Le conflit syrien à lui seul a fait 89 % des victimes des armes à sous-munitions dans le monde en 2016, soit 860 victimes sur 971.

La grande majorité des nouvelles victimes (857) ont été blessées ou tuées lors d'attaques aux armes à sous-munitions. Mais on rapporte également de nouvelles victimes de sous-munitions non explosées longtemps après la fin d’un conflit, comme 51 nouvelles victimes au Laos.

Que sont les sous-munitions ?

Larguées d'un avion ou tirées du sol, les bombes à sous-munitions sont conçues pour s'ouvrir en l'air, libérant des sous-munitions sur une surface pouvant équivaloir à plusieurs terrains de football. Ils tuent et mutilent des civils et des combattants sans discrimination.

Jusqu'à 40 % de ces sous-munitions n'explosent pas à l'impact. Elles mettent en danger la vie des civils, parfois pendant des décennies après un conflit, et perturbent la vie économique et sociale des zones contaminées.
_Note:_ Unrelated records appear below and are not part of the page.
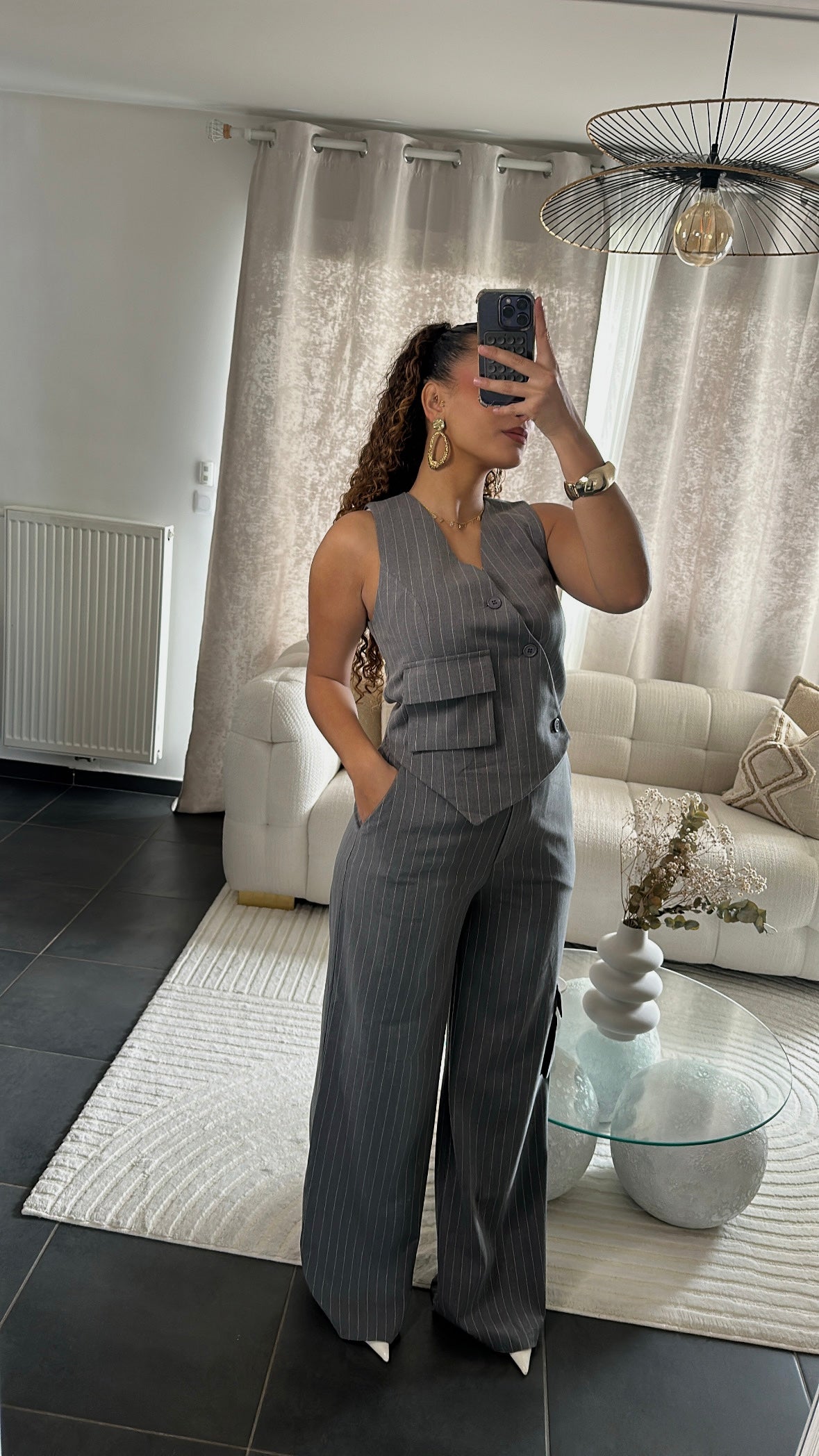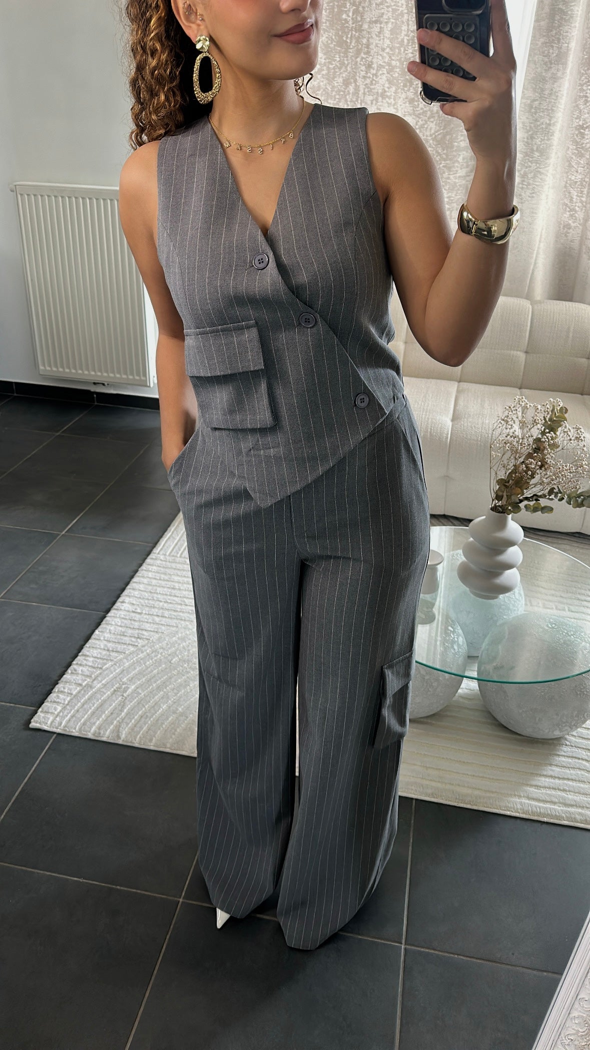Ensemble gilet à rayure gris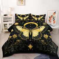 Ccoutuechen Boho Butterfly Comforter Set King Size Sun And Moon Bedding Set Black Quilt Set For Girls Kids - 3Pcs Soft Fluffy Mi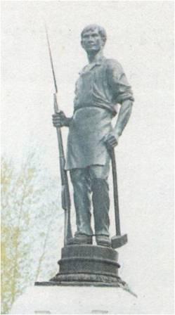 Трехметровая фигура рабочего с винтовкой и молотом отлита на Каслинском чугунно-литейном заводе. Скульптор К.А. Клодт, исполнители проекта мемориала Д.И. Попов и В.П. Домрачев.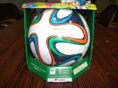 ブラジルでは熱戦が続いています。本日2日、郵便局様からブラジルワールドカップ仕様のサッカーボールをいただきました。大会が終わるまで図書室に飾り、その後みなさんで遊んでほしいです。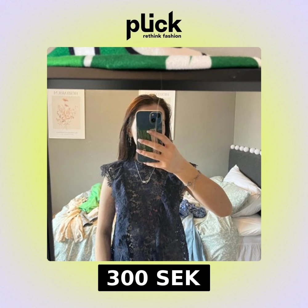 Säljer en elegant mörkblå spetstopp med korta ärmar och vackra detaljer. Perfekt för en festlig kväll eller speciellt tillfälle. Toppen har en smickrande passform och en fin struktur i spetsen.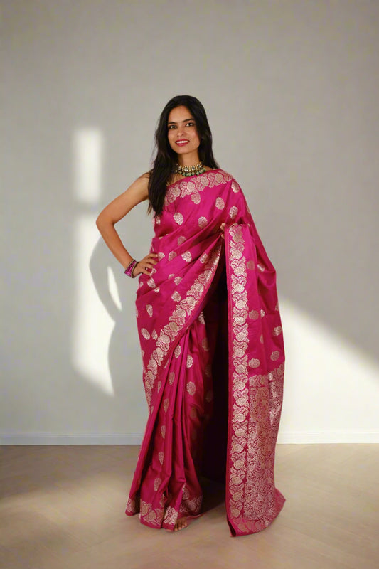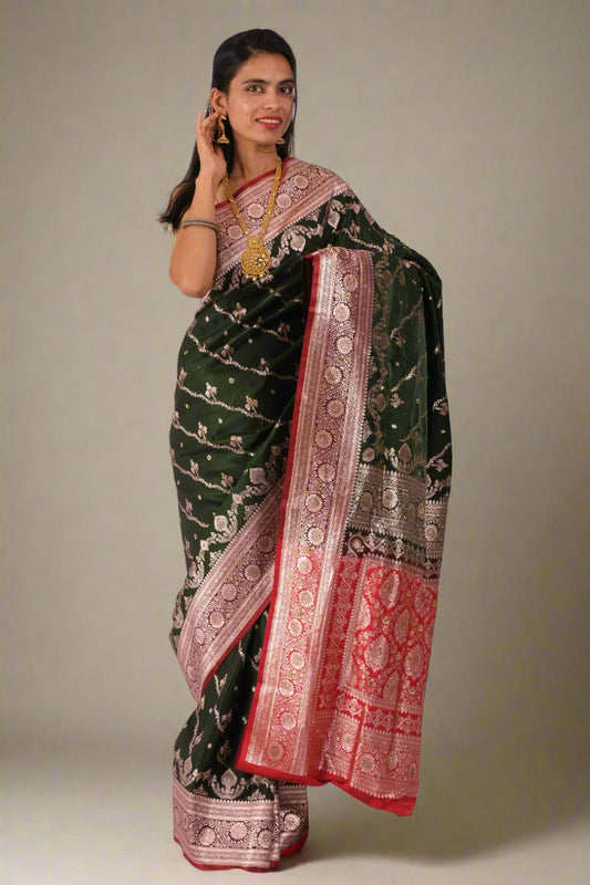Discover elegant Banarasi silk sarees crafted for timeless beauty — royal looks, affordable prices.
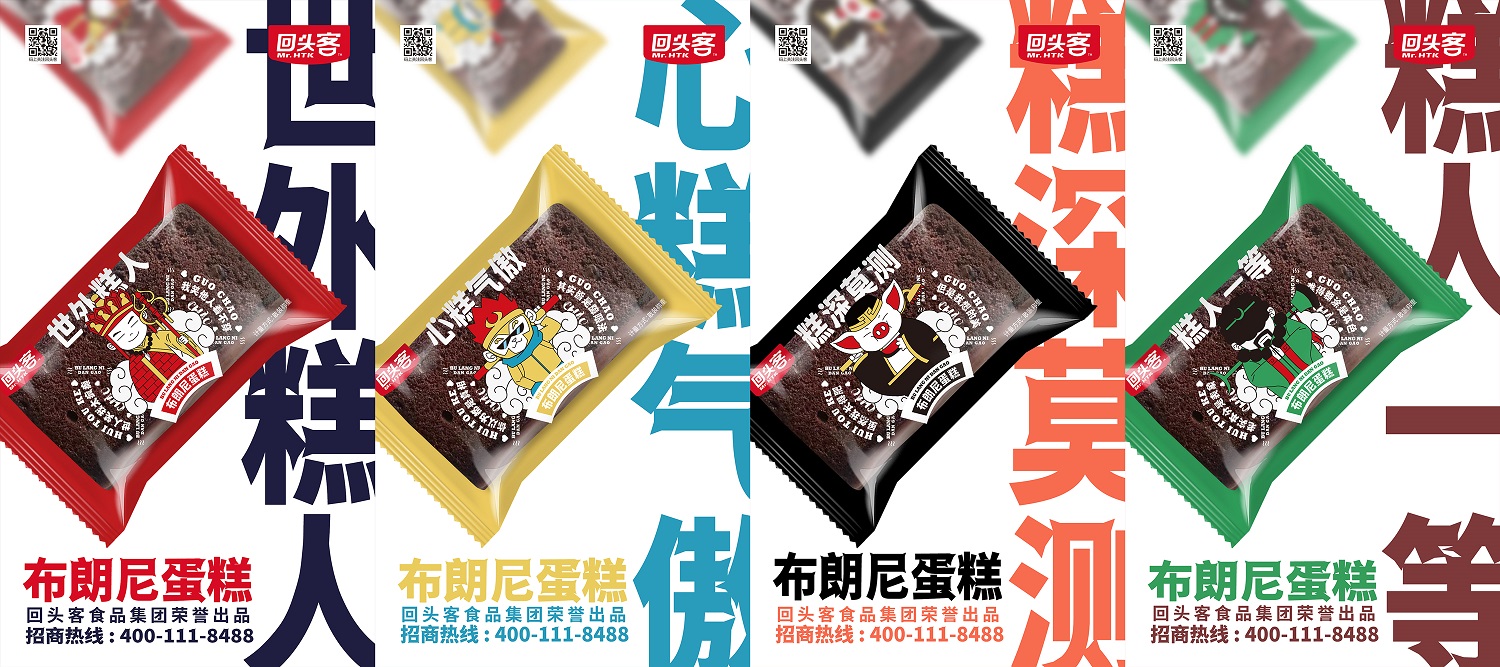 回頭客布朗尼蛋糕與西游記系列IP聯(lián)合,通過(guò)代表人物唐僧、孫悟空、豬八戒、沙僧的招牌形象,挖掘其潛在另類的心理特點(diǎn),對(duì)傳統(tǒng)形象進(jìn)行全新的解讀。例如,對(duì)豬八戒的人物描述為高深莫測(cè),在包裝呈現(xiàn)上,則將“糕”與“高”巧妙結(jié)合,用“糕深莫測(cè)”配以“雖然我長(zhǎng)得肥,但我想的美”的趣味文案。此外,孫悟空被定義為心“糕”氣傲,沙僧為“糕”人一等,唐僧為世外“糕”人,并分別配以有趣的解讀文案,讓人眼前一亮,辨識(shí)度極高。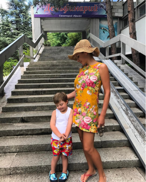 Сын актрисы Эвелины Бледанс Семен, который родился с синдромом Дауна, проходит дельфинотерапию.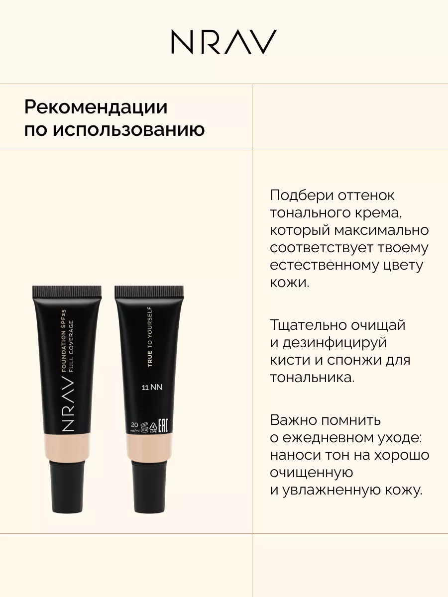 Тональная основа для лица "Полное покрытие" SPF25 тон: 20WY, светло-бежевый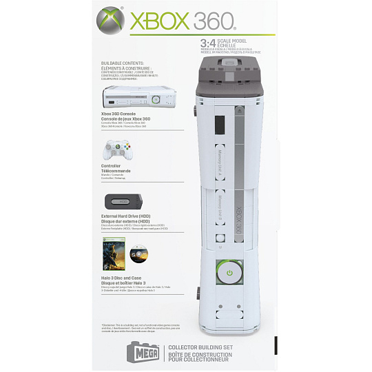 Tato sběratelská stavebnice MEGA je inspirována nejznámější herní konzolí své doby a oslavuje odkaz konzole Xbox 360. Vraťte se do hry s plně sestavitelnou, svítící konzolí a ovladačem. Konzole se otevře a odhalí diskovou mechaniku (a další tajné ukryté informace) vložte dovnitř disk s motivem Halo 3 a aktivujte základní desku.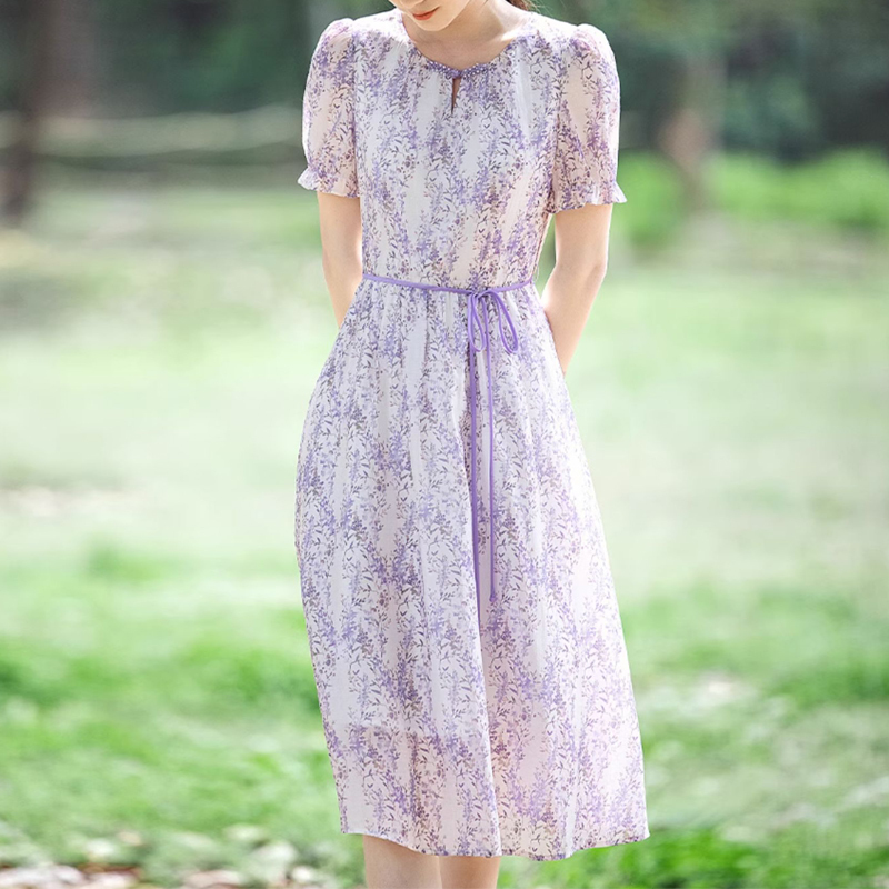 Light, luxurious and elegant lace-up short-sleeved dress

Progrès de l'universalisation de la Convention

Cependant, de réels progrès ont été accomplis pour l'universalisation de la Convention sur les armes à sous-munitions au cours des huit dernières années : la convention a été signée par 120 pays, dont 103 sont États Parties, ce qui en fait un puissant instrument de contrôle de ces armes... Les États sont de plus en plus enclins à faire des déclarations officielles lorsque ces armes barbares sont utilisées.

Des progrès significatifs ont également été réalisés pour leur élimination. Au total, 28 États ont achevé la destruction de leurs stocks, détruisant un total de près de 1,4 million d'armes à sous-munitions. À ce jour, cela représente la destruction de 97 % du total des stocks d'armes à sous-munitions déclarés par les États Parties.